I’m sorry to keep posting off topic comments but you have ten years of material here and I see you’ve already journeyed down the road I’m just now discovering.
I recently came across Richard Nikoley’s theory of excess iron leading to disease and Duck Dodgers’ post on ancient wheat. Your rebuttal popped up at the end. I also discovered Paul Jaminet through your blog. (They all seemed to have slowed down blogging but you keep going. Diet perhaps, lol?) Do you still feel the same about wheat or have your views changed at all? What do you think of the excess iron theory? And if I were to comment on one of your ten year old posts, so as to not be off topic, do you still see them and occasionally reply? And a little flattery— I love that you respond to nearly every comment and keep it clean with a sense of humor. I have children and I appreciate being able to let them read your blog. Richard has lots of thought provoking material but he’d lose a significant portion of his vocabulary if he couldn’t use profanities.
I still think modern wheat is garbage that triggers leaky gut in many people, with all the downstream consequences. I don’t think the research on excess iron is conclusive either way. Yes, I see comments on old posts.

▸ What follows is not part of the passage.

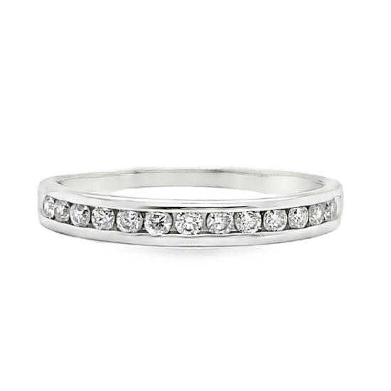 800-1814314K white gold diamond channel set band. 1.7 grams. 13 round brilliant cut diamonds, .20 total carat weight, SI clarity, IJ color. Ring size 7.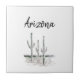 Arizona Desert Cactus ceramic tile, with a black and white design and customisable black lettering. A fun southwestern item to add to your western home decor.

I am binge watching Dennis The Menace and Father Knows Best on Hulu. Every meal depicted shows some form of meat, veg, fruit, bread and dessert. I know casting is a subjective thing as looks are important but even the actor’s portraying “Fat” people back then ( and they were called “fat”, “chubby”, “tubby” — all PC inappropriate today) weren’t fat by today’s standards.
I’d really like to know what the ingredients list would have been for bread back then. I am guessing these shows aired before putting ingredients on the label was mandatory.
Jackie Gleason was called “The Fat Man.” Take a look at pictures of him. You’d barely notice a guy that size walking down the street today.
Yep. And Tim Conway was routinely called “fatso” on “McHale’s Navy”, and I’ve seen John Banner (Sgt. Schultz) on other TV programs and it appears that on “Hogan’s Heroes” they had to pad him to make him look fatter than he actually was.
I happened to be watching an episode of Father Knows Best last night where Bud makes the football team and his coach lays down his training program, which included “No sugar. Plenty of meat, eggs, dairy.” That was it.
I should record that scene and upload it.
Great, thank you.
Modern wheat products are demonstrably poisonous,
although absolutely necessary for dog’s own food : the bacon sarnie.
Once weaned off wheat I can feel the effects whenever I eat it : my theory is simply trace levels of neurotixins survive through the whole processing & baking process.
I completely cured “restless legs” and other things by cutting out wheat, and I reckon a lot of those problems are neurological poisoning.
(Will never become mainstream : way too legislative, lets keep on saying “gluten intolerance”)
And they’re ordering schools to serve the stuff.
Wheat contains zonulin which loosens the lining of the intestines. So if you want to avoid feces in your blood stream, nix the wheat.